Data in this exercise:
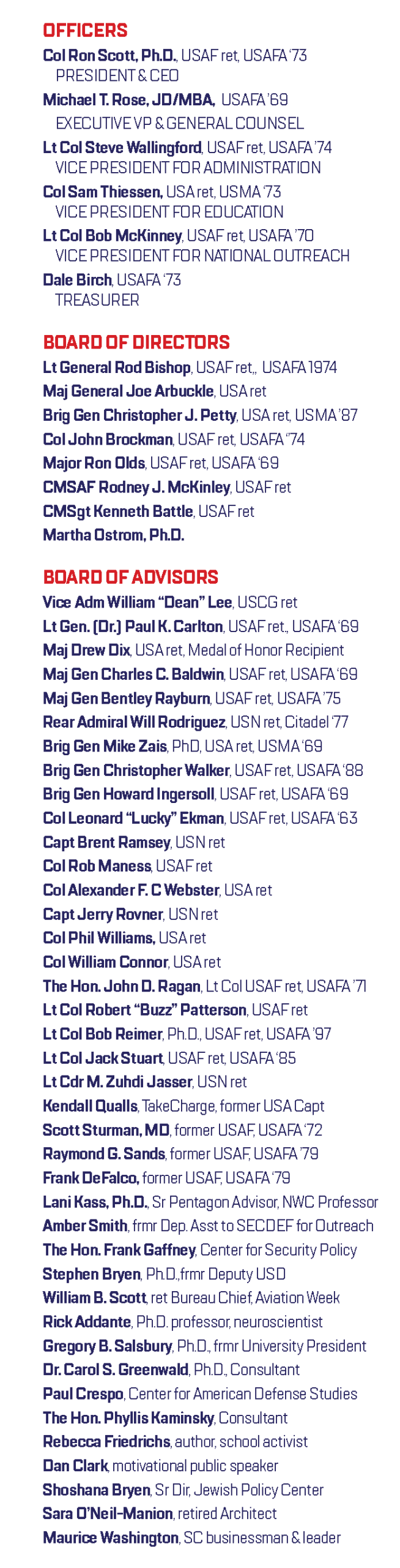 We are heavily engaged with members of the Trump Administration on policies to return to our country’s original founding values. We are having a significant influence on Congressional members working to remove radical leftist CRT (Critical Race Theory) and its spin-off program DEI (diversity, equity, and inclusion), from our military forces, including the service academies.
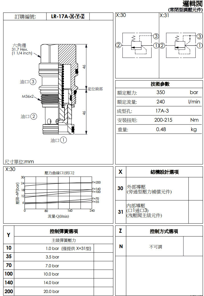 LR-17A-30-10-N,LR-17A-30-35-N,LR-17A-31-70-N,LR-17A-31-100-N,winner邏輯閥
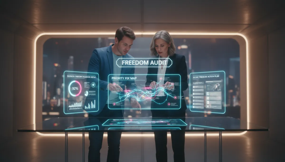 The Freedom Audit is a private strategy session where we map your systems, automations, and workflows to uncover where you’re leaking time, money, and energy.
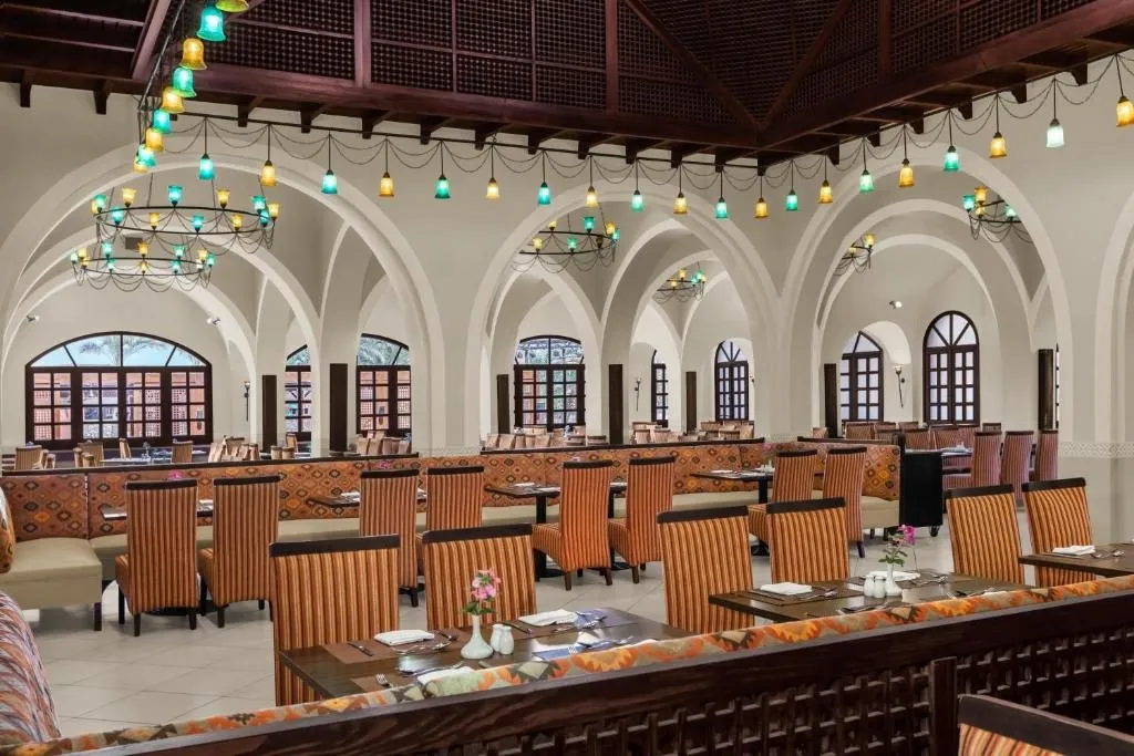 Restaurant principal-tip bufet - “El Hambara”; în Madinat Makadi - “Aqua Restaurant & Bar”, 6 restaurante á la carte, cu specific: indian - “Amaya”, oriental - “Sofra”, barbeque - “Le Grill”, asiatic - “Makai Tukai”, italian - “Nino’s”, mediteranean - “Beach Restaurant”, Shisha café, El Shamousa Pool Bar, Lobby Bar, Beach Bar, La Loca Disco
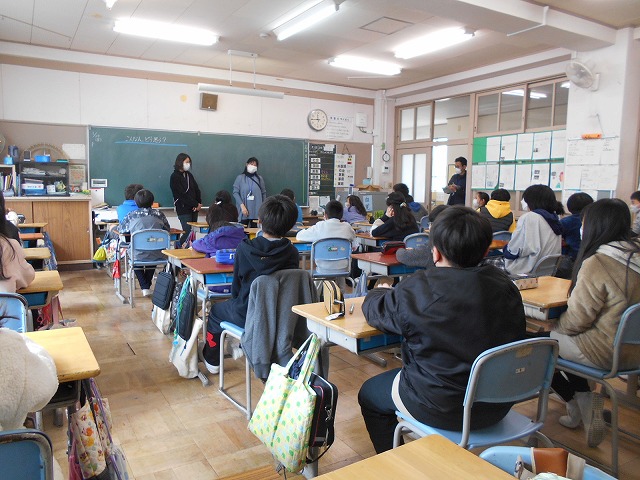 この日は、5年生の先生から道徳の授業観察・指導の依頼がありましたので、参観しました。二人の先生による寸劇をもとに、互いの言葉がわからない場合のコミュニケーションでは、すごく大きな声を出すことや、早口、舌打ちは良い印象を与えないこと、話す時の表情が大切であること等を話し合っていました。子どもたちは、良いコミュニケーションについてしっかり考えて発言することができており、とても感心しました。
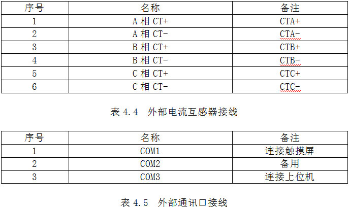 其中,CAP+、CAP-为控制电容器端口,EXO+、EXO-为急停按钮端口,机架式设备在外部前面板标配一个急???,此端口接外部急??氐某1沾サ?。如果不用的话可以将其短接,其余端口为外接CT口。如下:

==

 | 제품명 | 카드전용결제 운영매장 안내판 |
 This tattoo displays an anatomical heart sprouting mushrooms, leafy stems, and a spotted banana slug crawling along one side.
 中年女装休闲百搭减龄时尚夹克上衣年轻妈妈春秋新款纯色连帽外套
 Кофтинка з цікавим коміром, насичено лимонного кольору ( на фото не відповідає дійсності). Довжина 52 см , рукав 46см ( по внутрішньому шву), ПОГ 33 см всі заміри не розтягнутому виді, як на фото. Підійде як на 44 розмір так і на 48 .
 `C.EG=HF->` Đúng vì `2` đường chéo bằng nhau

Task requirements:
Could the stretch from the line with "We are heavily" through the line with "LR-17A-30-10-N" in the listing above be restated word for word, minus the pictures?

Result below:
 We are heavily engaged with members of the Trump Administration on policies to return to our country’s original founding values. We are having a significant influence on Congressional members working to remove radical leftist CRT (Critical Race Theory) and its spin-off program DEI (diversity, equity, and inclusion), from our military forces, including the service academies.
 LR-17A-30-10-N,LR-17A-30-35-N,LR-17A-31-70-N,LR-17A-31-100-N,winner邏輯閥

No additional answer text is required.